While the enzymatic activity of the Ehmt1/2 SET domains as well as the mono-methyl-lysine binding activity of the Ank repeat domains have been well established, there remains much to be learned regarding the function and regulation of the Ehmt1/2 complex. In particular, the precise contribution of the Ank repeat domains to gene repression needs to be determined. Likewise, the precise function and contribution of the many zinc-finger cofactors, such as Wiz and Znf644, and how they may confer target gene specificity to the methyltransferase complex needs to be elucidated. A deeper understanding of the biochemical action of the Ehmt1/2 complex will greatly assist in more thoroughly interpreting the phenotypic outcomes of dysregulated Ehmt1/2 function.

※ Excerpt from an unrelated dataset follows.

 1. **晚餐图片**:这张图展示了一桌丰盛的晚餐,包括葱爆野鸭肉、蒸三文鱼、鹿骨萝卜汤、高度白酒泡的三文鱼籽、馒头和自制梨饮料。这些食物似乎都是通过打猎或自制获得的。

The epigenetic regulator Ehmt2 and its paralog Ehmt1, along with its cofactors Wiz and Znf644 clearly play an important role during neurogenesis. While delayed development, cell cycle defects, differentiation defects and widespread apoptosis are consistent among various reports in early neural development, molecular consequences of losing Ehmt1/2 function and the mechanism behind these phenotypic outcomes is less clear. Ehmt2 function is central to the epigenetic repression of progenitor genes for differentiation, cell cycle exit, DNA damage and cell stress response, DNA synthesis and mitosis in several cell types. Defects in these cell processes would lead to the overall early neural phenotypes we,²³ and others have reported. However, the impact of Ehmt1/2 on these various cell processes in early neural progenitors has not yet been fully explored.

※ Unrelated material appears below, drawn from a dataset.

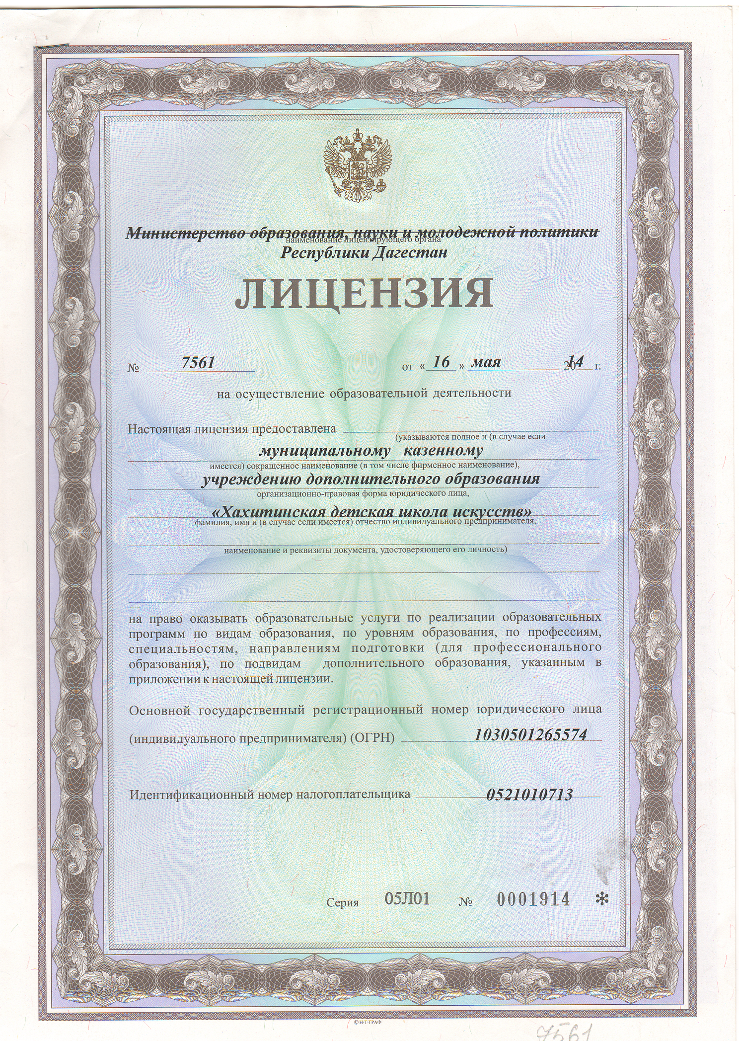| Полное наименование образовательной организации* | Муниципальное казенное учреждение дополнительного образования "Хахитинская детская школа искусств" |

Some of the newly defined roles for the Ehmt1/2 complex in regulating protein function and stability, as well as in the biogenesis of structures such as the centrosome provide a novel perspective in reinterpreting past results. Ehmt2's role in regulating cell division is surely complex, with potential impacts on cyclin gene expression, cell stress response, multiple inputs into DNA synthesis, and chromatin compaction and segregation. However, these results also suggest an intriguing question: if Ehmt2 plays a role in centrosome biogenesis, could it also be important for regulating or organizing the microtubule network. If so, this would have intriguing implications for early neurodevelopment as neural progenitors rely on microtubules for multiple cell signaling and trafficking events, as well as for cell movements and tissue morphogenesis. Whatever the case, the Ehmt1/2 complex seems to play a much larger role in early development than simple epigenetic repression at target promoters.

Finally, an intriguing possibility is that Ehmt2 may act to both repress neural progenitor gene expression while co-activating markers of differentiation as it does with the β-globin locus. Supporting evidence from studies in early retinal development show that Ehmt2 and Znf644 knockdown experiments result in cells that fail to undergo terminal differentiation.^21,23,42 This would place Ehmt2/Znf644 in the center of a genetic switch, turning off the progenitor gene cassette while activating the differentiation gene expression regime. Studies of Ehmt2's activator function in early neural progenitors is thus far lacking, and it will be interesting to see if future studies corroborate this hypothesis.

Disclosure of potential conflicts of interest

No potential conflicts of interest were disclosed.

Funding

Funding for research in the Tropepe lab is supported by CIHR.